Text: Christian Selzer, 08. März 2022

Manchmal gibt es Musik, die dürfte es eigentlich gar nicht geben. Und trotzdem ist es gut, dass sie da ist. Lüning ist so ein Fall. Anfang der Zehnerjahre. Sebastian Lindner (sometree), Tim Kaufmann (Nique), Daniel Spindler und Florian Lüning (Delbo), allesamt keine Unbekannten in Indiedeutschland, gründen eine neue Band. Irgendwie Postrock soll es sein, um alle Vorlieben zu bündeln, vor allem Spaß soll es machen. So zimmert man sich ein extragroßes Schlagzeug in den Proberaum, das Platz für zwei bietet. Der Rest: ein rhythmisierter Fluss aus Instrumenten, angetrieben vom Kraftfeld der Drums. So der Plan. Man nimmt alles auf, wirbelt Ideen durcheinander, stellt sie wieder auf den Kopf. Langsam kristallisiert sich das heraus, was der Sound der Band einmal hätte sein können. Doch dann stirbt Schlagzeuger Florian Lüning völlig unerwartet im Mai 2012. Dies bedeutet auch das Ende der Band.

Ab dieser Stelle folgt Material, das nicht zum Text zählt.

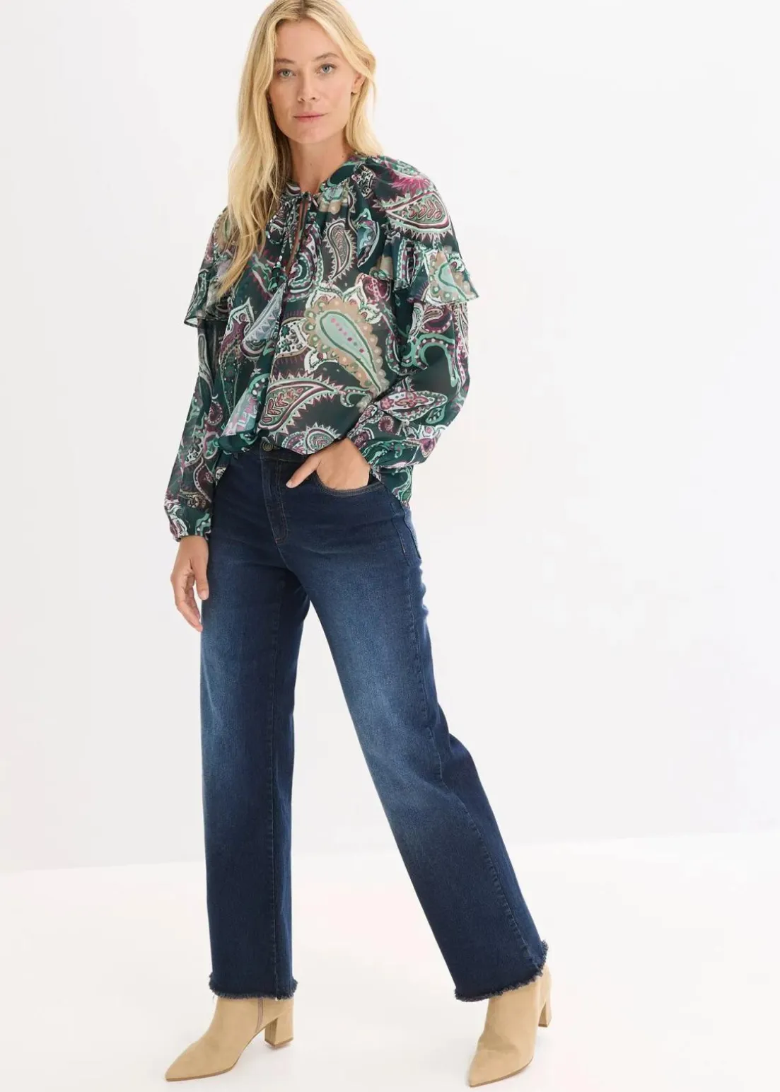 modische Tunikabluse mit dekorativen Volants und Bindeband-Detail vorne am Ausschnitt
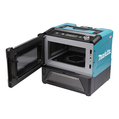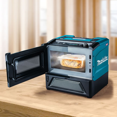 Part of Makita’s XGT cordless tool and appliance lineup, this portable microwave is the perfect addition to your worksite. It’s designed to heat up your food and drinks on the jobsite, or anywhere mains power isn’t available. Using a single or two powerful 40-volt battery, it can heat up to 11 meals or 20 cups of coffee on a single charge. Plus, with a 500W output, it can heat up your meals and drinks just as well as a corded domestic microwave. The Makita MW001G cordless microwave has an 8-litre capacity with cavity dimensions which will allow popular-sized food containers will fit with no problem. It also has great battery runtimes, so you can heat up your breakfast, lunch, snacks, and drinks for a full working day. Plus, it’s extremely robust, making it perfect for harsh job site conditions. The Makita MW001G fits in seamlessly with Makita’s XGT line, which means that the same batteries that power this unit can also work in the rest of your Makita XGT kit.
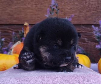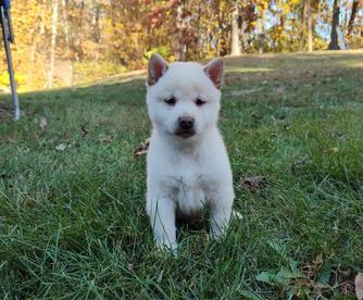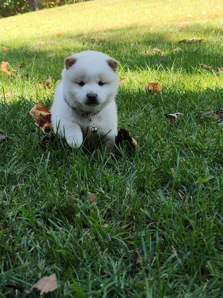 Everything with Fannie and purchase of our new Shiba pup went well. Fannie was quick to respond, met my husband with all the usual supplies and veterinary records, and give us a sweet new member of our family. Our new pup was happy from the get-go, confident, and nearly housebroken at 8 weeks old. Fannie also attached a small bell to her collar, which came in handy for keeping track of our Bella. We loved the bell idea! Thank you for our girl!
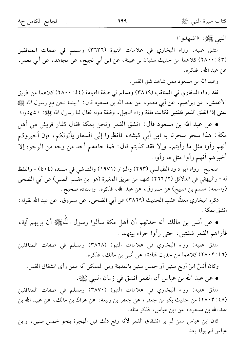 وعبد الله بن مسعود ممن شاهد شق القمر.
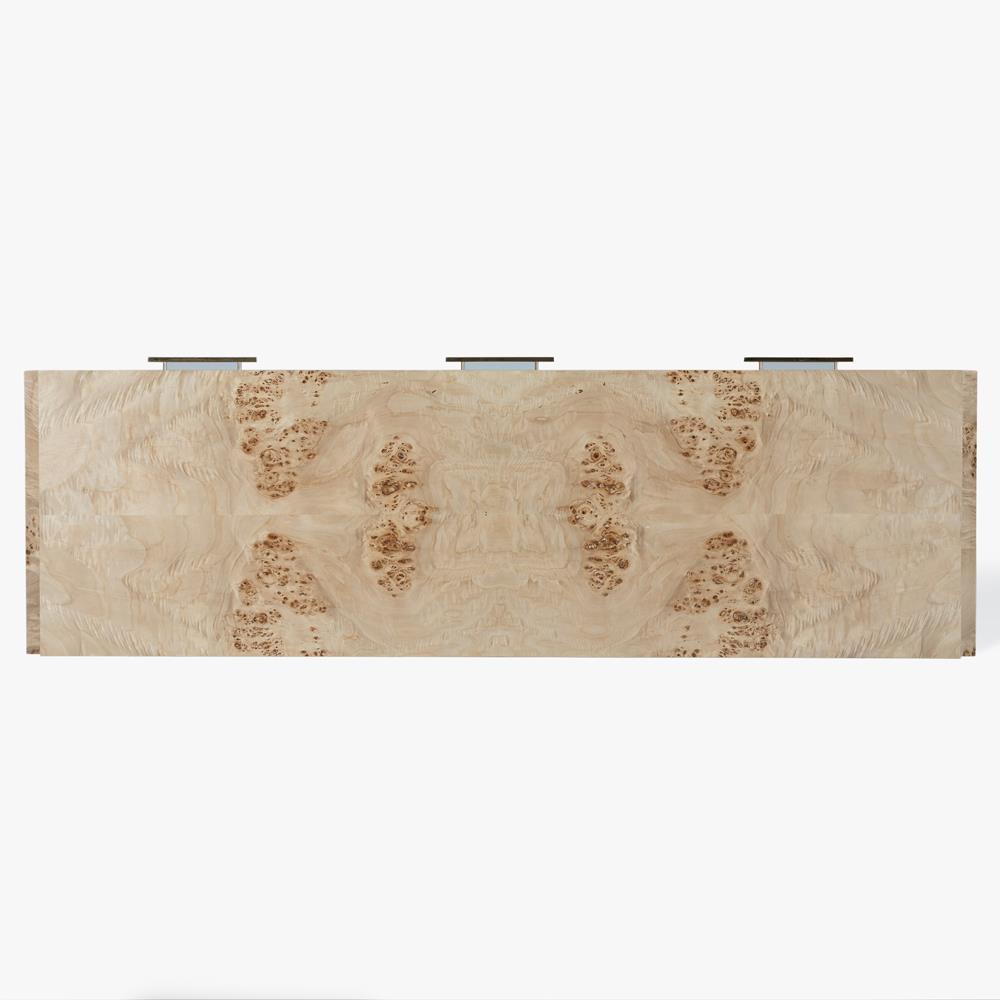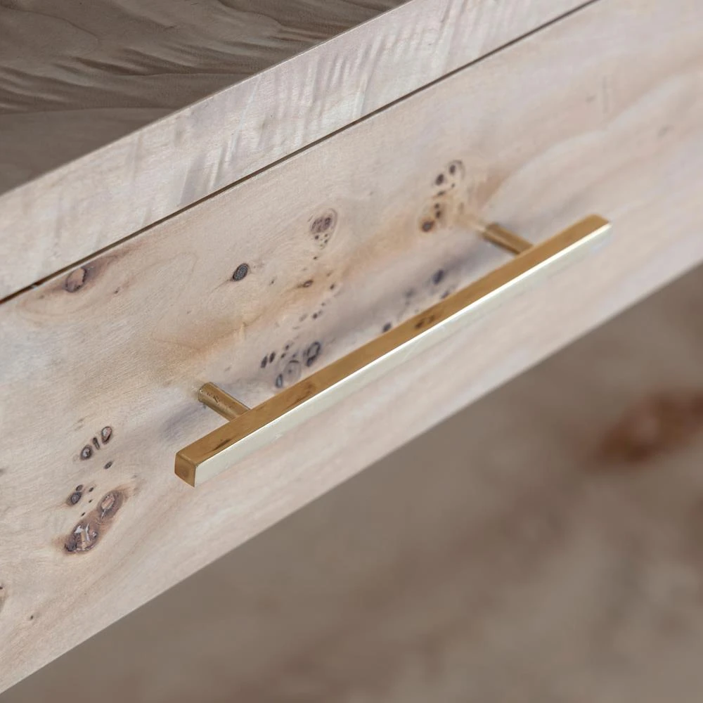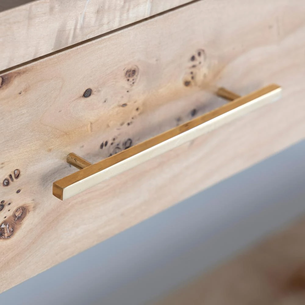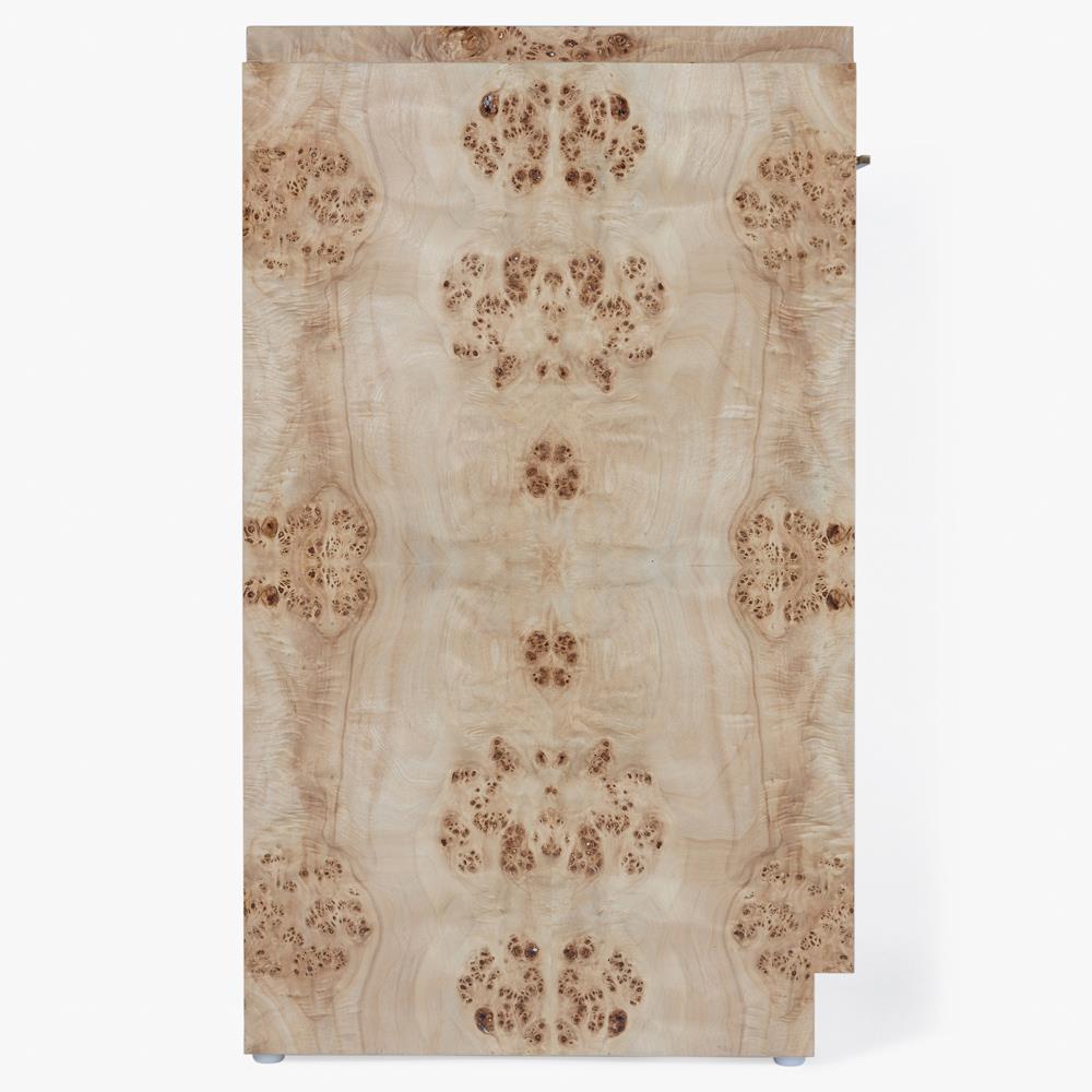 • Finished in light brown burl and brass

Über die Proberaum-Aufnahmen, die in dieser Zeit entstanden sind, stolpert man erst viele Jahre später, im ersten Corona-Lockdown 2020. Tobias Siebert, Produzent und Ex-Bandkollege von Flo, mischt das Material ab. Die sieben Tracks sind jetzt auf „Live in Rummelsburg” zu hören.

Das Genre: Instrumental-Postrock im weiteren Sinne, garniert mit Einsprengseln von Kraut, Art-Rock und Indie. Deutlich hört man, dass die Songs mit dem Konzept im Hinterkopf geschrieben wurden. In immer neuen Verästelungen und Schichten setzen sie sich zusammen, Motive werden angespielt, zerlegt und breit gestreut. Trotzdem schlagen die Arrangements genügend Funken, um aus jedem Takt die Leidenschaft für ausufernde Improvisationen im Proberaum herauszuhören. Sogar Acid-artige Leads schmatzen zufrieden im bunten Experimentierkasten von Lüning, wie der Opener „I Am Battle” zeigt. „Babysitter” beweist mit Um-die-Ecke-Riffs, stoischen Basslines und vertrackten Grooves, dass Denkerfalten und Arschwackeln sich nicht gegenseitig ausschließen. „La Palma” startet mit Synthiefanfaren in der Großraumdisco, lädt sich dann elektrisch auf und verschwindet mit britzelndem Bass zur Afterhour.

„Live in Rummelsburg” ist das Debüt von Lüning und wird leider auch die letzte Veröffentlichung bleiben. Auch wenn die Tracks an einigen Stellen etwas skizzenhaft sind, kann man sich vorstellen, wie diese herzliche, verspielte, ideenreiche Musik die deutsche Indieszene noch bereichert hätte. Gut, dass es sie gibt.